The following entries should be restated word for word, pictures excluded.

- Data under study

_ _ _ _ _

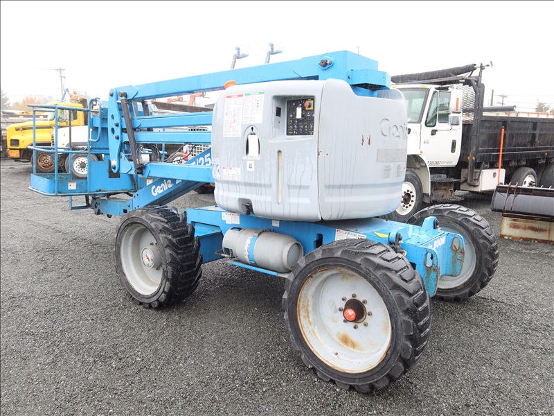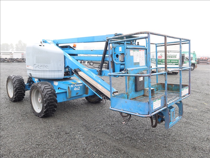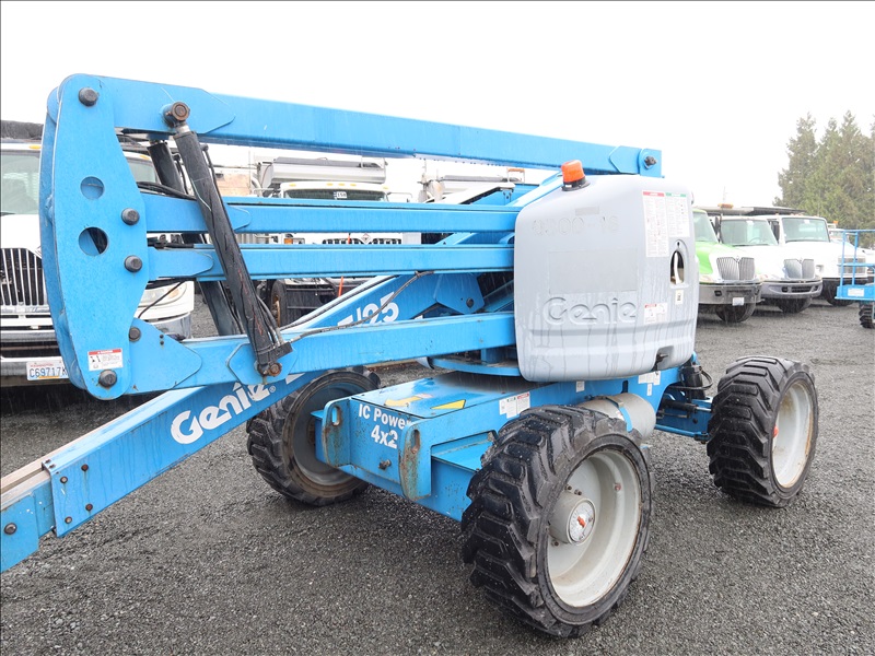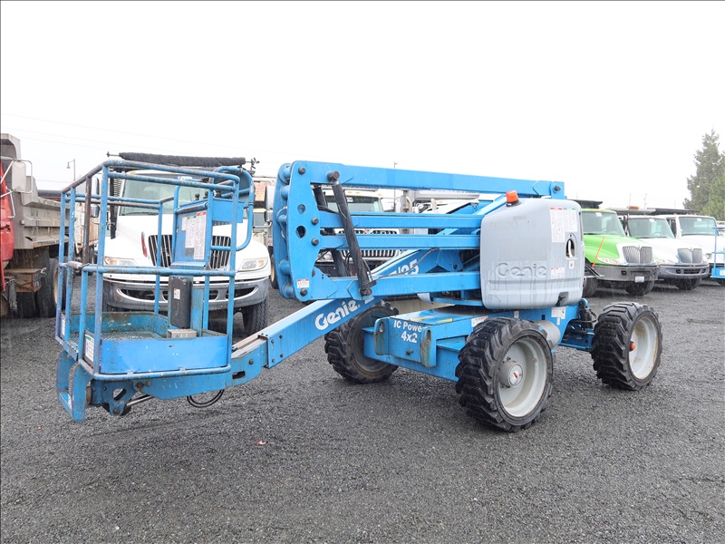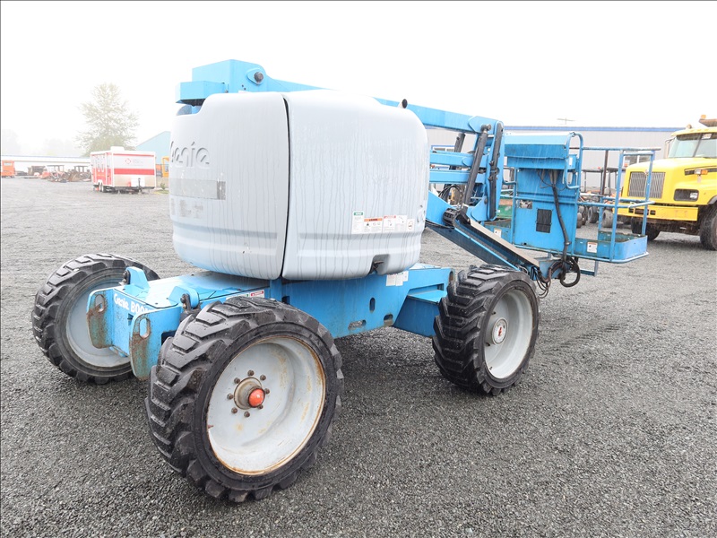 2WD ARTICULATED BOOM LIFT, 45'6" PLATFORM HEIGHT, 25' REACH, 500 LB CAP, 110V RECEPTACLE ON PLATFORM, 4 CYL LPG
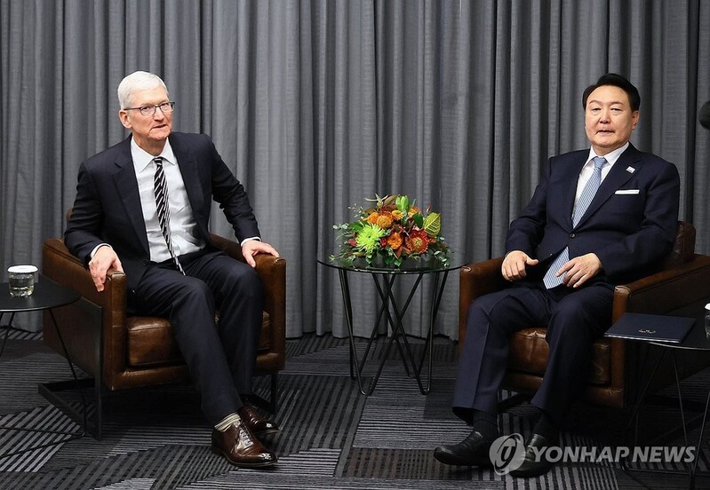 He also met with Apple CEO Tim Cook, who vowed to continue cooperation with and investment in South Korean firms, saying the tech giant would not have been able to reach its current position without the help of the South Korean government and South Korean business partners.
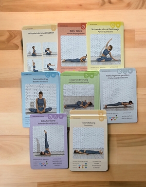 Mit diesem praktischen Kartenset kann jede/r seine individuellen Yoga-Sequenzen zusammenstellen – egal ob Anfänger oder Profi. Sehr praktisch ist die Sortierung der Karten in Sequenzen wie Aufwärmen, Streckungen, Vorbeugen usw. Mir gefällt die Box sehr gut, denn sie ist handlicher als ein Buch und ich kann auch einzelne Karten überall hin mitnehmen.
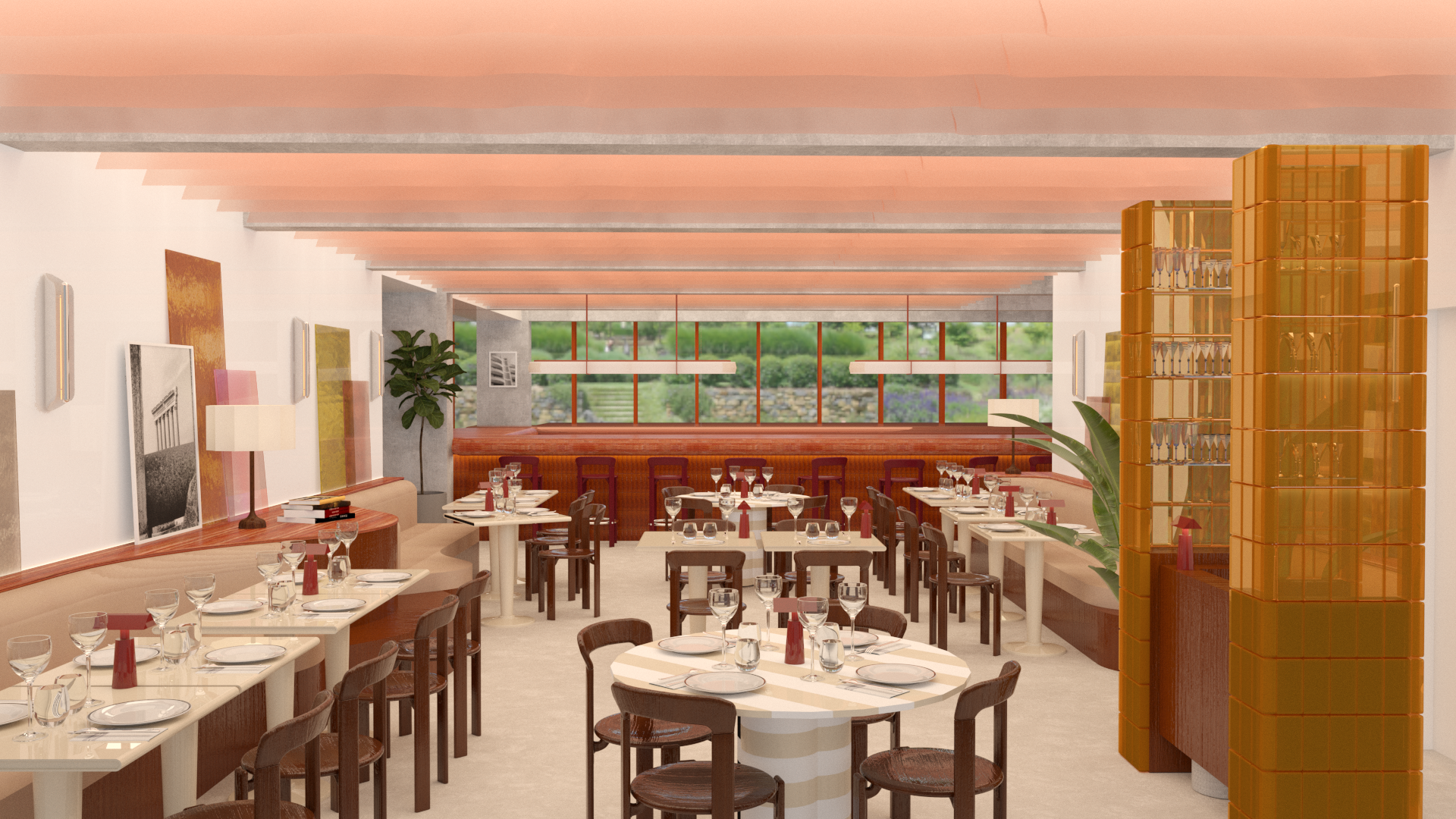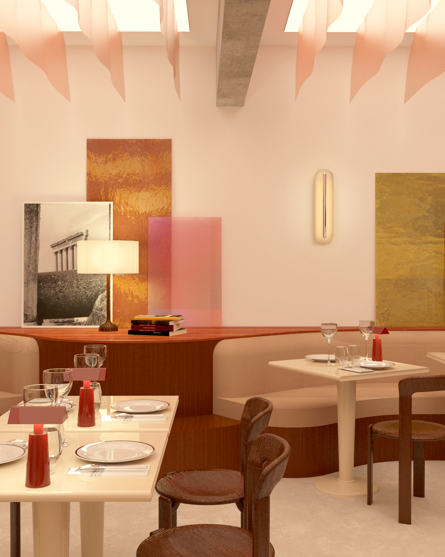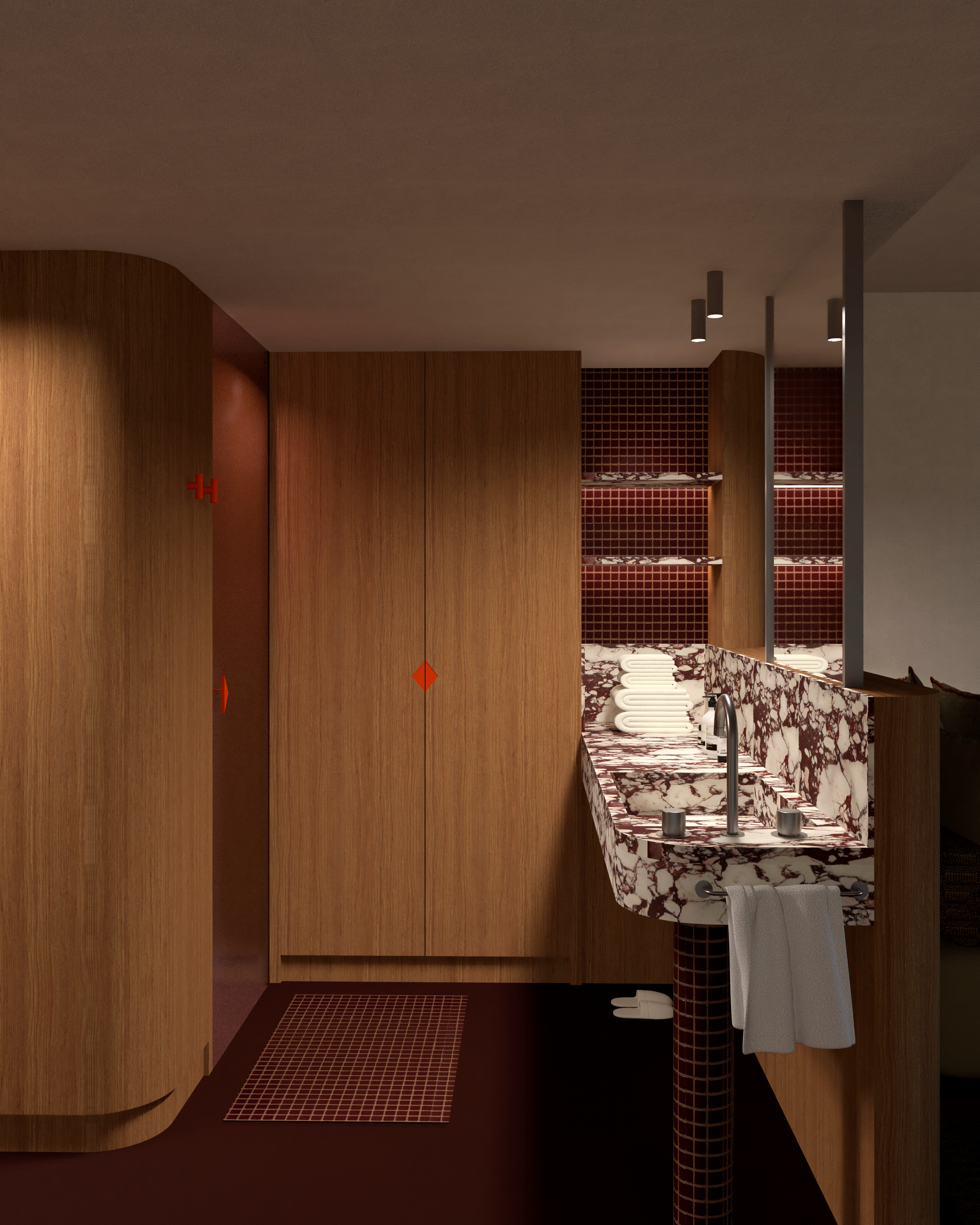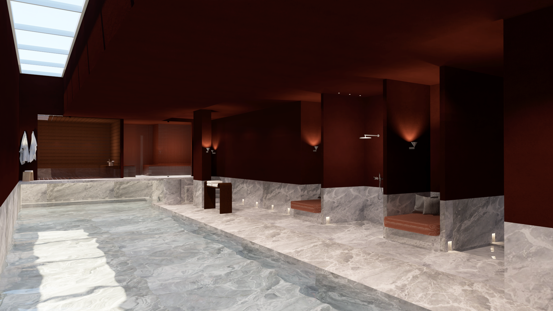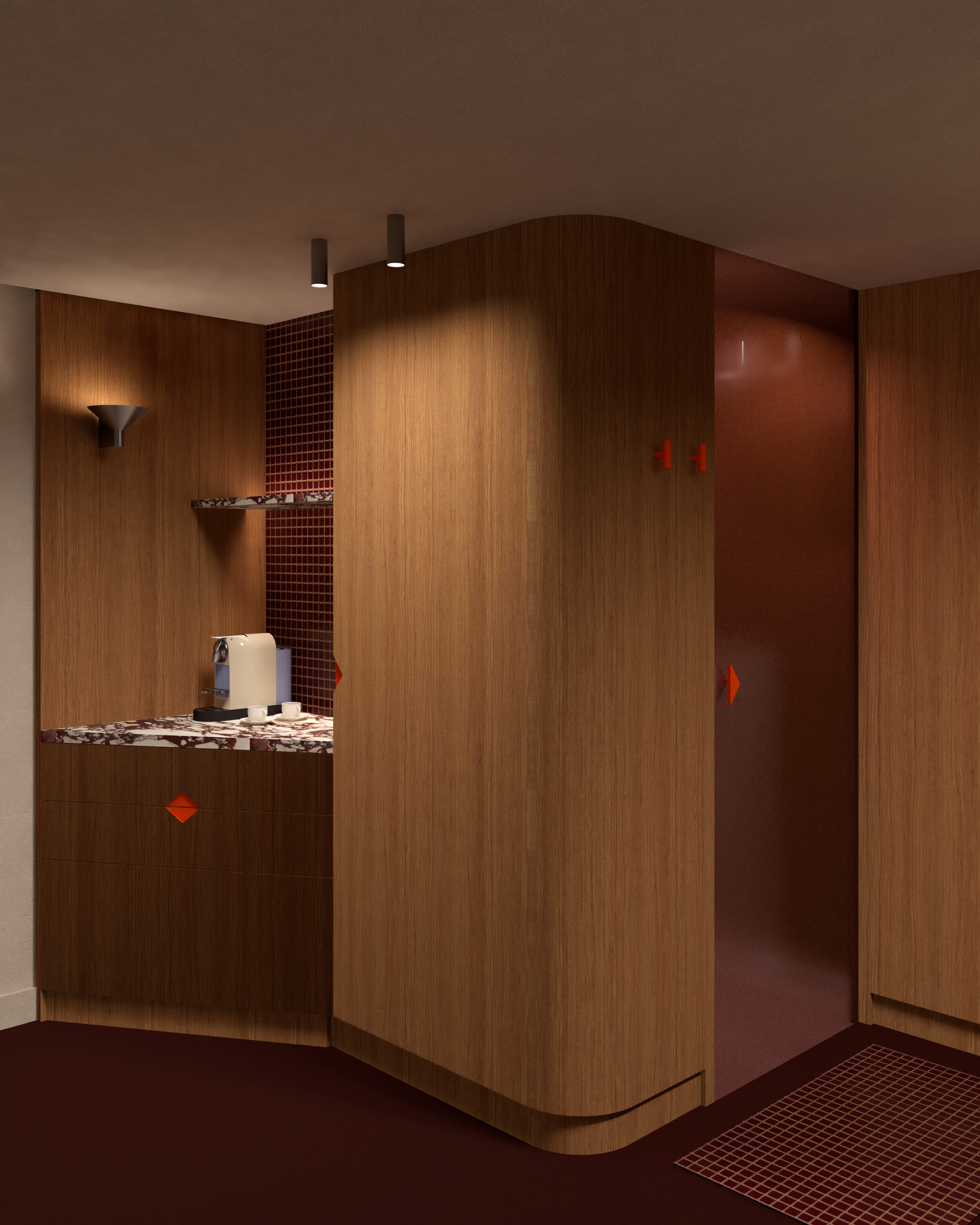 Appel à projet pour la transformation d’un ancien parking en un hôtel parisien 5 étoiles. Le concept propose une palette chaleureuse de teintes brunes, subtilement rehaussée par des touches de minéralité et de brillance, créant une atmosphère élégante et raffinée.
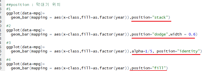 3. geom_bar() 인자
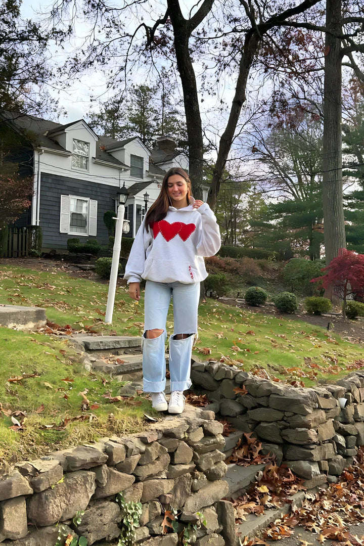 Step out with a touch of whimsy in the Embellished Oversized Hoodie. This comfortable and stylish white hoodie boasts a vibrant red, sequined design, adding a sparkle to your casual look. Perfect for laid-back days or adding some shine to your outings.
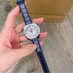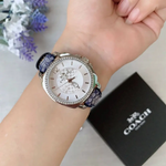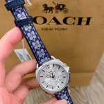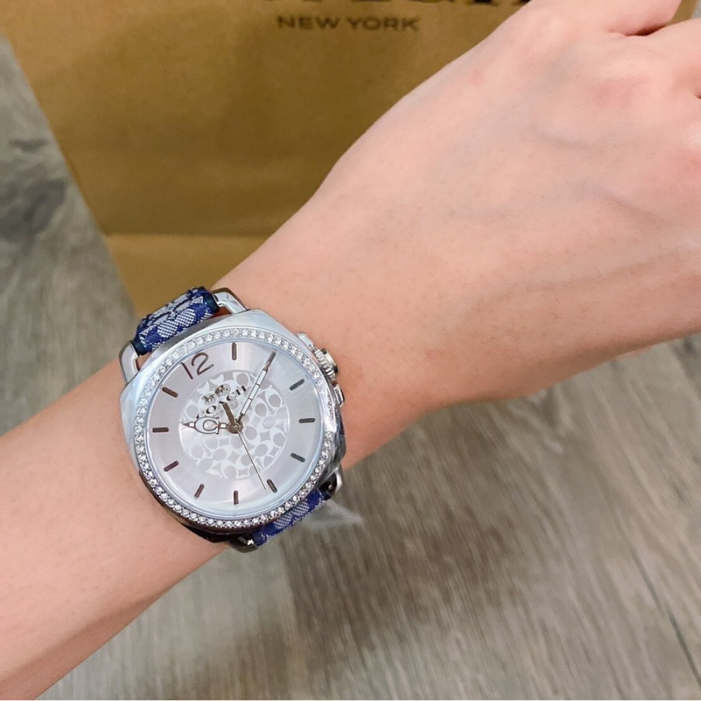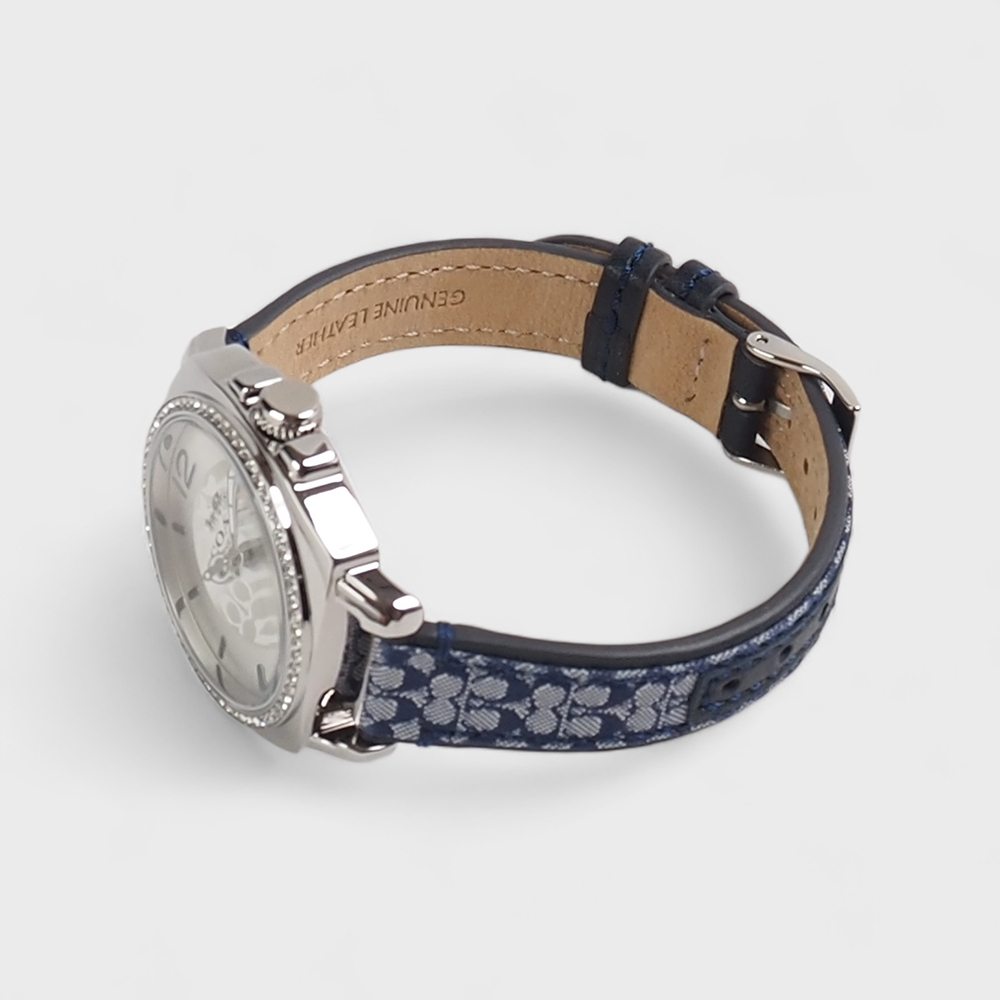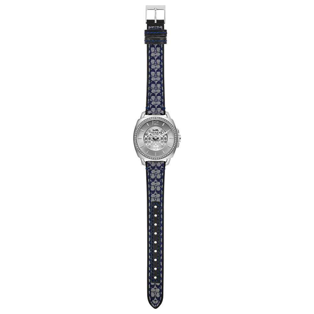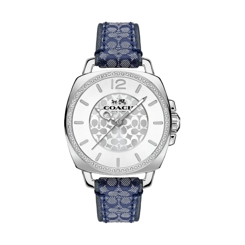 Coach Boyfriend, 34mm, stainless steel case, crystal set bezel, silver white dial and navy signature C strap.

_ _ _ _ _

- Task result
 2WD ARTICULATED BOOM LIFT, 45'6" PLATFORM HEIGHT, 25' REACH, 500 LB CAP, 110V RECEPTACLE ON PLATFORM, 4 CYL LPG
 He also met with Apple CEO Tim Cook, who vowed to continue cooperation with and investment in South Korean firms, saying the tech giant would not have been able to reach its current position without the help of the South Korean government and South Korean business partners.
 Mit diesem praktischen Kartenset kann jede/r seine individuellen Yoga-Sequenzen zusammenstellen – egal ob Anfänger oder Profi. Sehr praktisch ist die Sortierung der Karten in Sequenzen wie Aufwärmen, Streckungen, Vorbeugen usw. Mir gefällt die Box sehr gut, denn sie ist handlicher als ein Buch und ich kann auch einzelne Karten überall hin mitnehmen.
 Appel à projet pour la transformation d’un ancien parking en un hôtel parisien 5 étoiles. Le concept propose une palette chaleureuse de teintes brunes, subtilement rehaussée par des touches de minéralité et de brillance, créant une atmosphère élégante et raffinée.
 3. geom_bar() 인자
 Step out with a touch of whimsy in the Embellished Oversized Hoodie. This comfortable and stylish white hoodie boasts a vibrant red, sequined design, adding a sparkle to your casual look. Perfect for laid-back days or adding some shine to your outings.
 Coach Boyfriend, 34mm, stainless steel case, crystal set bezel, silver white dial and navy signature C strap.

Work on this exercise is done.